Li is best known for his 940 revolt against the Later Jin, after which he fled to Southern Tang. Later Jin demolished the Southern Tang force sent to receive him, and from this point on Southern Tang never dared to encroach on Central Plains again.

==Early life==
Li Jinquan was born in the 880s during the Tang dynasty. Originally a menial servant of the Shatuo general Li Siyuan, Li Jinquan was described as fearless and skilled in mounted archery. As Li Siyuan served the warlords Li Keyong and his son Li Cunxu, Li Jinquan also fought in battles and won military merits. The Shatuo state, known as Jin after the Tang's collapse in 907, became Later Tang in 923.

==Under Later Tang==
After Li Siyuan became Later Tang's emperor in 926, he appointed Li Jinquan military commissioner of Longwu (龍武), seated in Jing Prefecture in the western part of the empire. Li Jinquan's governance was greedy and oppressive. Following his recall to the capital Luoyang, he presented dozens of horses to Li Siyuan (then renamed Li Dan) as a gift, followed by another herd a few days later. This shocked the emperor, who questioned him: "You must suffer from a plentitude of horses. Why else would you offer so many? Moreover, you serve at Jing Prefecture. How would you characterize conditions there? Surely, you do more than merely trade in horses?" Li Jinquan was too ashamed to reply.

Li Jinquan later governed Henghai (橫海), seated in Cang Prefecture in the northeast. He was again recalled to the capital to command the "Right Guard" of the imperial guards at some point.

==Under Later Jin==
Later Jin replaced Later Tang in 936, and Li Jinquan retained his position with the imperial guards. On 3 September 937, Wang Hui (王暉), director for defense reserves at An Prefecture, assassinated Zhou Gui (周瑰), military commissioner of Anyuan (安遠). Anyuan, seated in An Prefecture, was in the southern part of the empire bordering Wu to the southeast. Later Jin's emperor Shi Jingtang, busily fighting the rebellion of Fan Yanguang in the north, could not afford to battle on two fronts. Therefore, he issued a "letter-on-arrow" against slaughtering a single person in Anyuan, while also promising Wang Hui governorship of Tang Prefecture if he surrendered. He then sent Li Jinquan with a 1000-man cavalry to Anyuan to induce Wang Hui's surrender, and before Li's departure, admonished him: "Do not compromise my credibility!".

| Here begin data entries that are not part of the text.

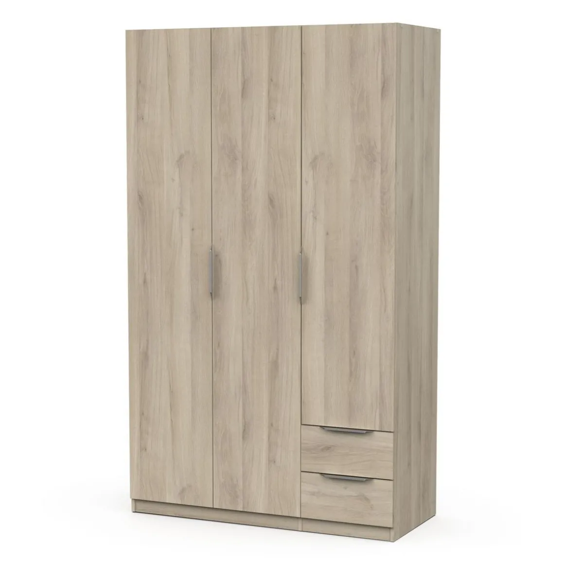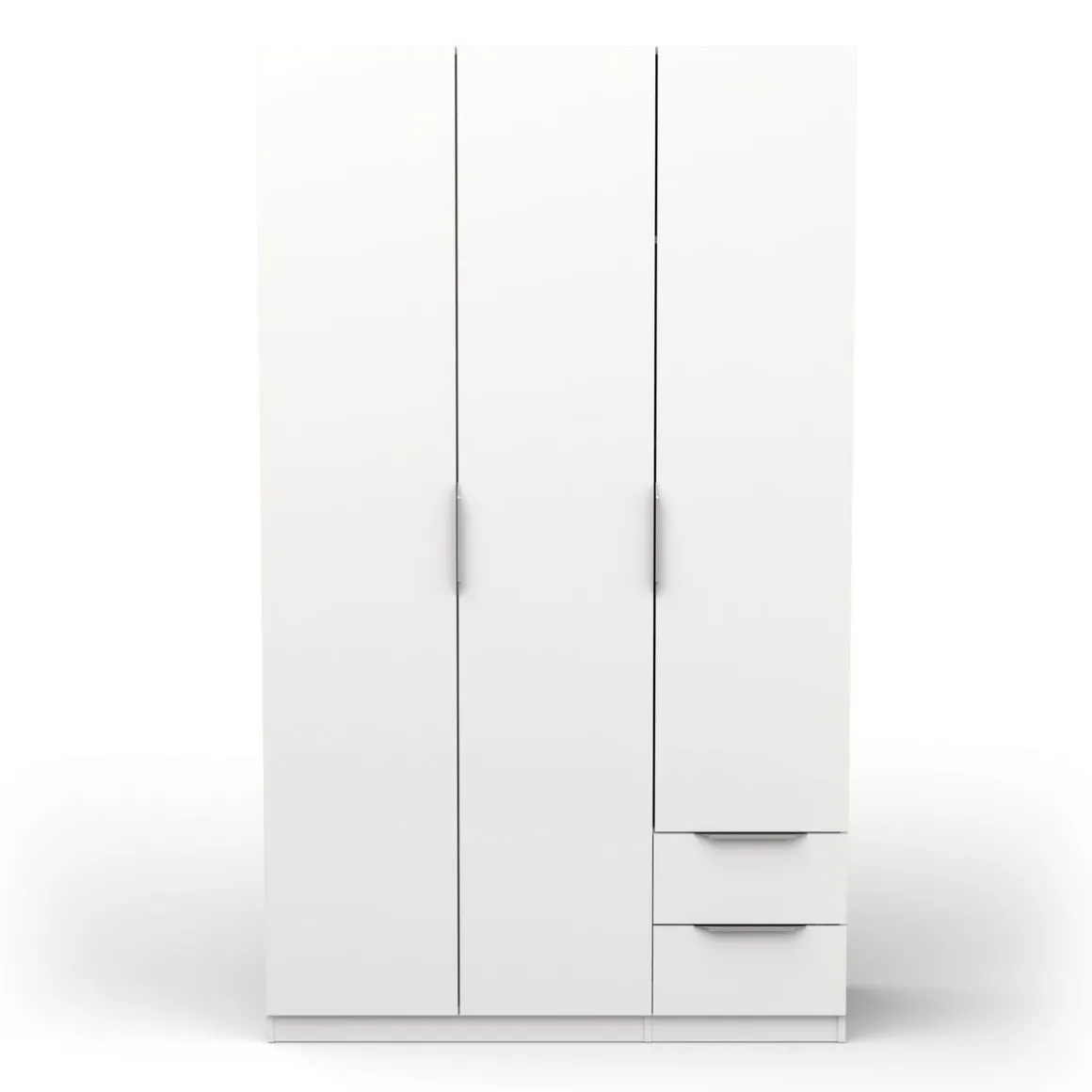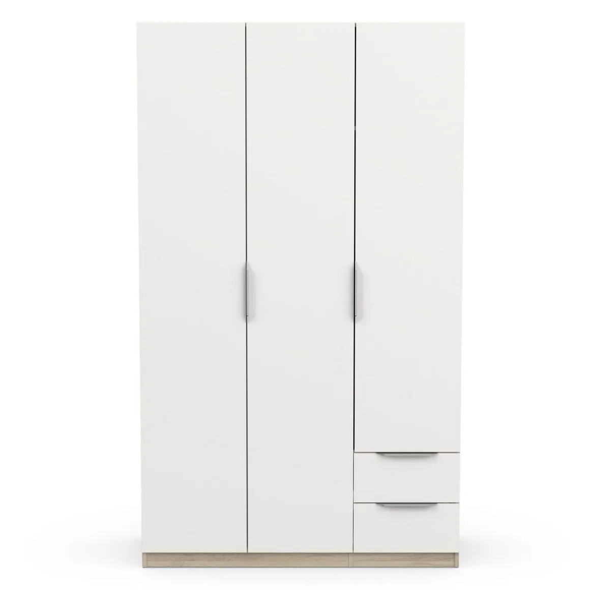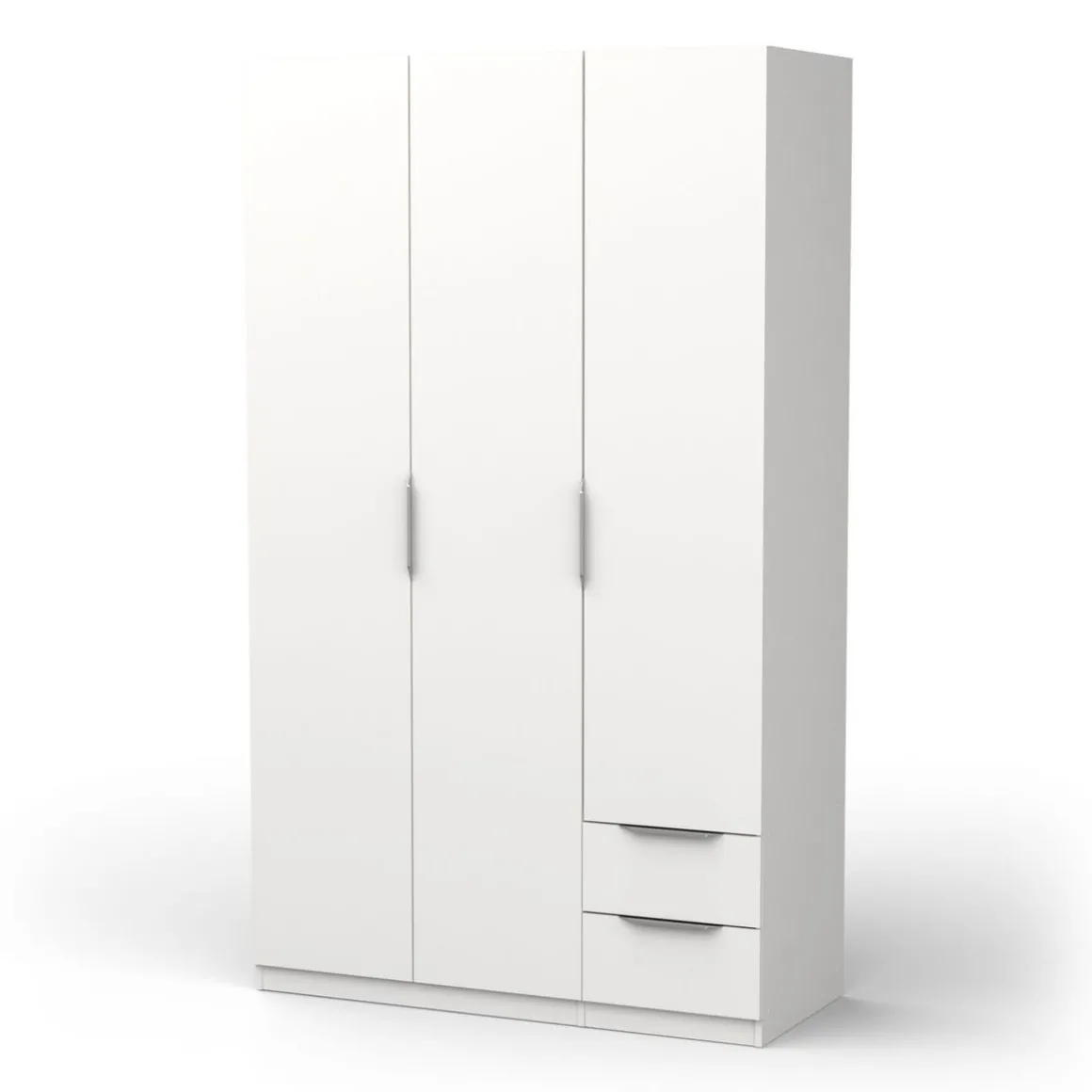Armoire 3 portes + 2 tiroirs montés sur coulisses à billes, en panneaux de particules 12 et 15mm. Décor papier blanc mat. 1 barre de penderie, charge maximale : 19kg + 3 rayons dont 2 réglables sur 5 niveaux. Dimensions utiles des tiroirs : 35,2 x 38,7 x 10,6 cm ; charge maximale : 2kg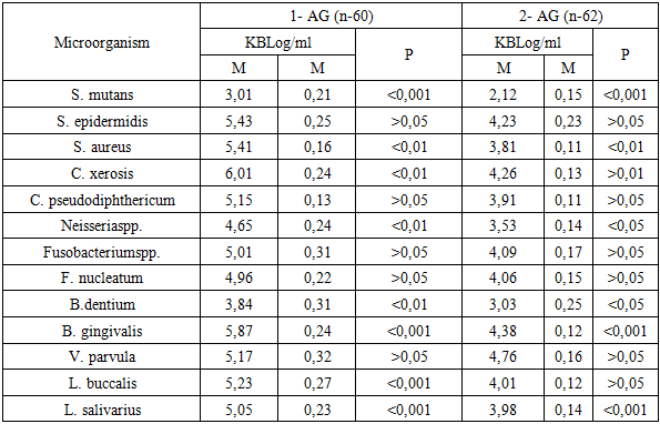 Dental examinations were carried out among 152 children aged 10-18 who applied to the dentist for treatment at the Bukhara State Medical Institute "dental center", of which 122 dental rows are children with gingivitis caused by orthodontic treatment of anomalies and deformities, and 30 healthy children. Of the children examined, 76 were girls and 76 were boys. All checked D. According to a Calvelis, young groups are formed depending on the periods of formation of the bite. The 1stGuruh is the night exchange period (10-13 years old) with 44 children (boys 24 and girls 20); the 2nd Guruh is the permanent bite period (14-18 years old) with 78 children (boys 38 and girls 40). Local and general etiological as well as pathogenetic factors have been identified that lead to inflammation of the parodont tissue in Primary Children. All patients who met the criteria for inclusion in the study were invited for a dental examination and were examined, the indices were evaluated and an exudate was obtained from the periodontal pocket for microbiological and biochemical study. Selected according to the criteria for inclusion in the study and passed a dental examination at the first stage, hygiene products were selected and the first stage of professional Hygiene applied dental rows children with gingivitis caused by orthodontic treatment of anomalies and deformities the main Group (AG) patients numbered -122 people. It is classified into 2 subgroups according to treatment procedures performed in the main group of patients. AG-1 (n=60) had conventional treatment. In the case of AG-2 (n=62), however, complex therapy was performed using "pomegranate bean oil" and "aseptaprapolis" gel with individually transported Cappas in additional gum pockets to the traditional cure [1,3,5,7,9,11,13,15]. The research materials were conducted from statistical processing using parametric and non-symmetric analysis methods. The first data collection, correction, systematization and visualization of the results obtained were carried out in the Microsoft Office Excel 2016 spreadsheets. In our scientific study, we conducted dental examinations among 152 children aged 10-18, of which 122 were children with gingivitis caused by orthodontic treatment of tooth row anomalies and deformities, and 30 were healthy children. They applied to the "dental center" of the Bukhara State Medical Institute for treatment to the dentist. The complex treatment performed is inflammation in the parodont tissues there is a tooth row anomaly and deformity in patients of the 1st main group who received traditional treatment treatments of the main guru S. mutans 3.01±0.21; S. epidermidis 5.43±0.25; S. aureus 5.41±0.16; C. xerosis 6.21±0.24; C. with pseudodiphthericum being 5.15±0.13 KHQB Log/ml, Major Group 2 patients who received complex treatment had S. mutans 2.12±0.15; S. epidermidis 4.23±0.23; S. aureus 3.89±0.11; C. xerosis 4.26±0.13; C. pseudodiphthericum has been found to be 3.91±0.11 KHQB Log/ml (Table 1).Table 1. Types of microorganisms identified from tooth-gum pockets after treatment in groups  |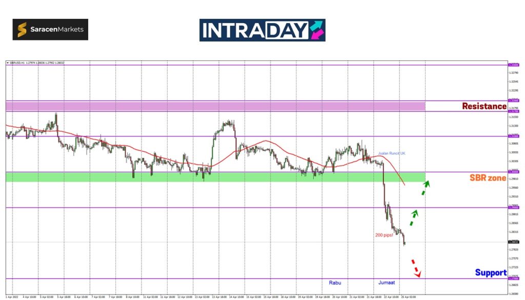 Setelah penurunan harga melewati zon support pada 1.3000, kejatuhan ketara harga sehingga 200 pips tersebut telah mencecah sehingga 1.28230 pada penutupan minggu tersebut.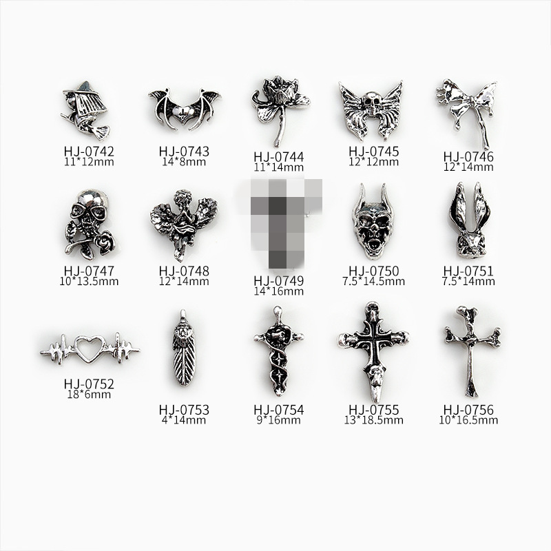 新款复古美甲克罗心饰品欧美暗黑机甲十字架许愿天使万圣钻饰批发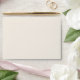 Soft ivory tone envelope with a lightly spaced serif return address on the back flap for a minimal, elegant look.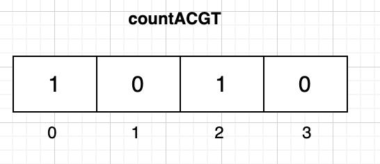 초기 윈도우 구성을 마치면 countACGT는 현재까지 윈도우에서 각 알파벳의 출현 숫자를 기록한 배열이고, 아래와 같다.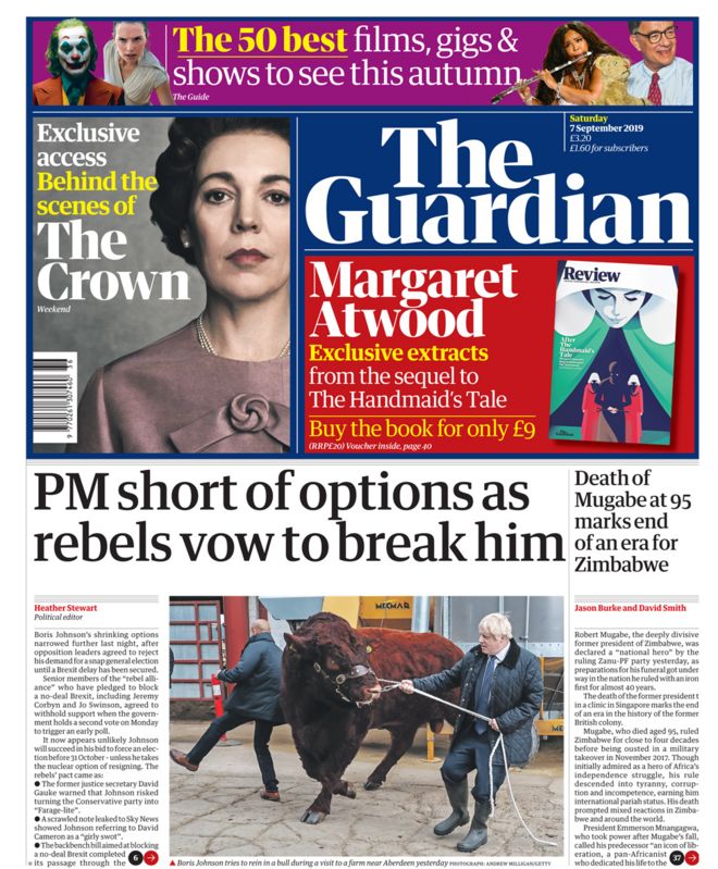 “A refusal in the face of that would amount to contempt of court, which could find that person in prison,” MacDonald told Sky News. “He won’t get any co-operation, apart from the fanatics around him … the attorney general won’t sit there quietly while this happens.” The Scottish Conservative MSP Adam Tomkins, a former law professor, said Johnson should resign rather than break the law by forcing through a no-deal Brexit. In a series of tweets, Tomkins said Johnson had only one option if he refused to ask for an extension: resign. “Irrespective of what we think about Brexit, or the PM, surely we can all agree on one fundamental principle: the government is bound to obey the law,” he said. The Guardian Lock him up!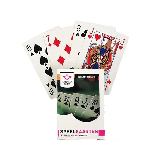 De Longfield geplastificeerde speelkaarten zijn perfect voor urenlang speelplezier. Deze set speelkaarten heeft een standaard poker/bridge formaat en is voorzien van 4 indexen, waardoor ze ideaal zijn voor verschillende kaartspellen. Het kunststof materiaal zorgt ervoor dat de kaarten duurzaam en slijtvast zijn, waardoor je er lang van kunt genieten.
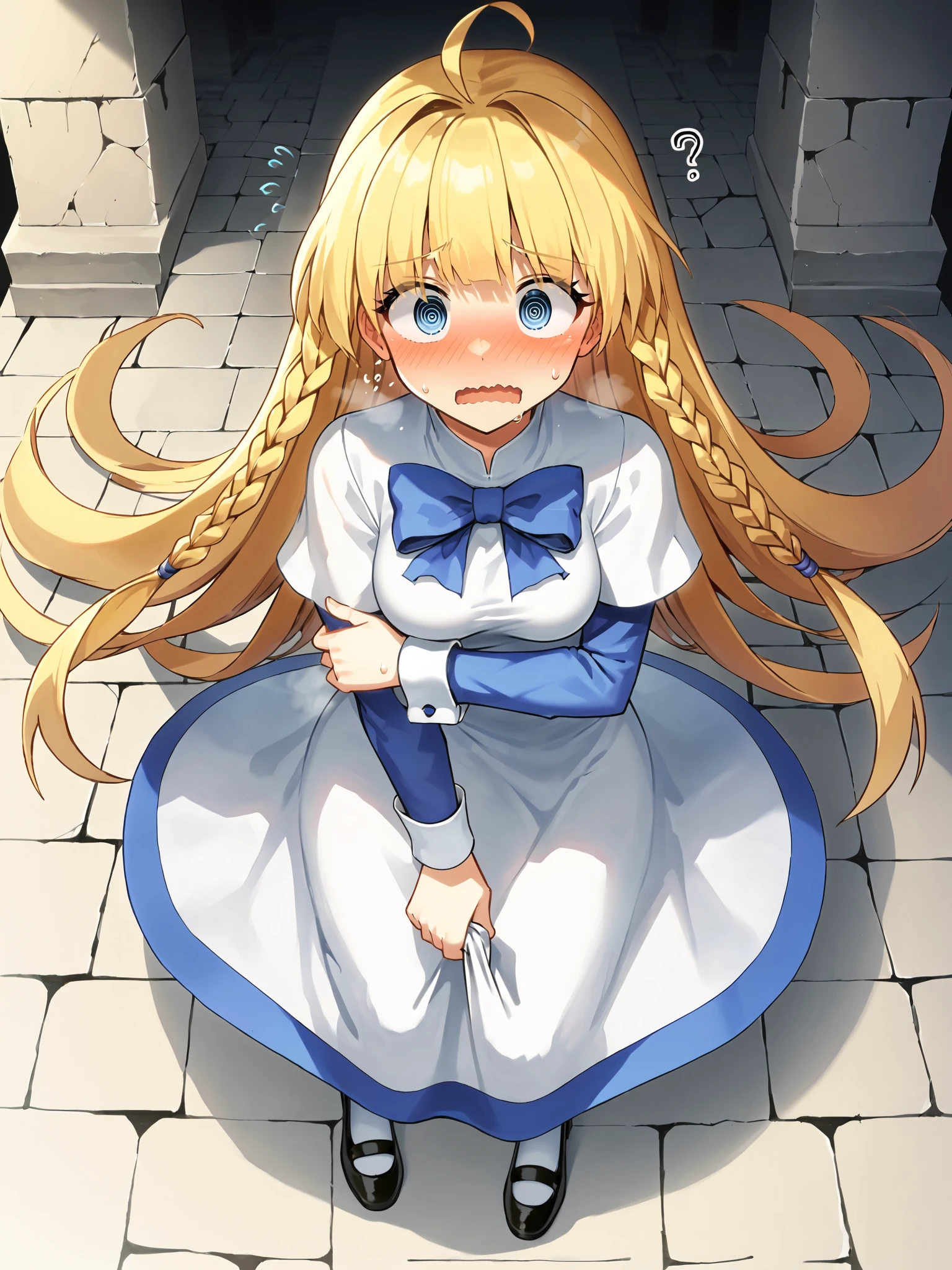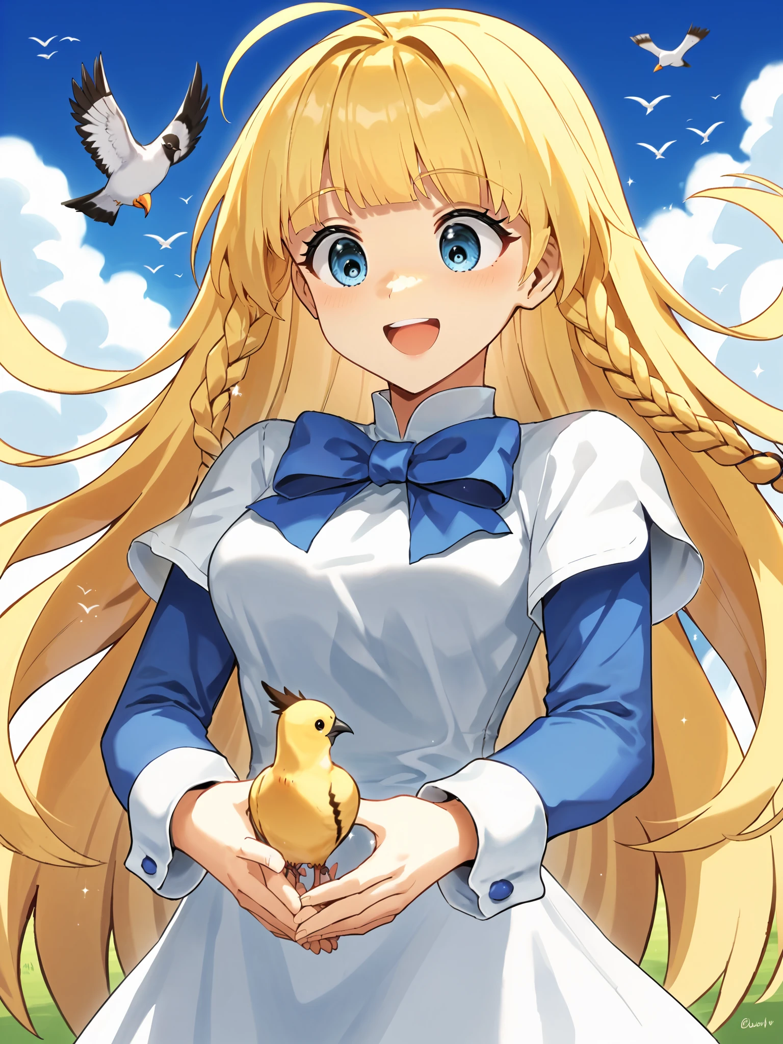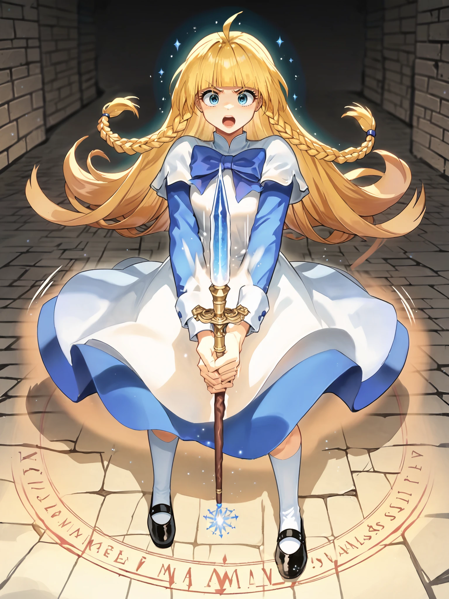 SD1.5: blonde hair, blunt bangs, ahoge, twin braids, very long hair, white dress over blue dress, blue hem, apron, white cuffs, long sleeves, short over long sleeves, kneehighs, white socks, black footwear, mary janes, blue eyes, blue bow,

Indeed, Wang was about to flee to Wu, but he was killed by a subordinate before Li Jinquan arrived in An Prefecture. Li arrested hundreds of mutineers and delivered them back to the capital. As Wang Hui had looted An Prefecture for 3 days, many of his officers acquired large numbers of properties. Li Jinquan then executed dozens of such officers to appropriate their wealth for himself. One such officer, Wu Kehe (武克和), cried out before his execution: "If you, commander, contravene
imperial rescripts to kill surrendering soldiers, then you may not escape peril yourself!" Even though Shi Jingtang heard about Li's disobedience, he could not do anything. Instead, to appease Li, he appointed him military commissioner of Anyuan on 11 October 937.

In Anyuan, Li Jinquan entrusted a greedy and immoral man named Hu Hanyun (胡漢筠) with the day-to-day operations of the military and government. After Shi Jingtang heard of Hu Hanyun's excesses, he sent an honest administrator named Jia Renzhao (賈仁沼) to Anyuan to replace Hu. Hu was terrified, so he persuaded Li Jingquan to submit a memorial which claimed that Hu was ill and could not be recalled to the capital. Pang Lingtu (龐令圖), who hailed from the same hometown as Li Jinquan, repeated advised Li to appoint Jia Renzhao. Hu Hanyun then sent soldiers to massacre Pang Lingtu's entire family. He also poisoned Jia Renzhao to death. Because Hu Hanyun colluded with the flatterer Zhang Wei (張緯), Li Jingquan knew nothing of his wrongdoings and trusted him more than ever.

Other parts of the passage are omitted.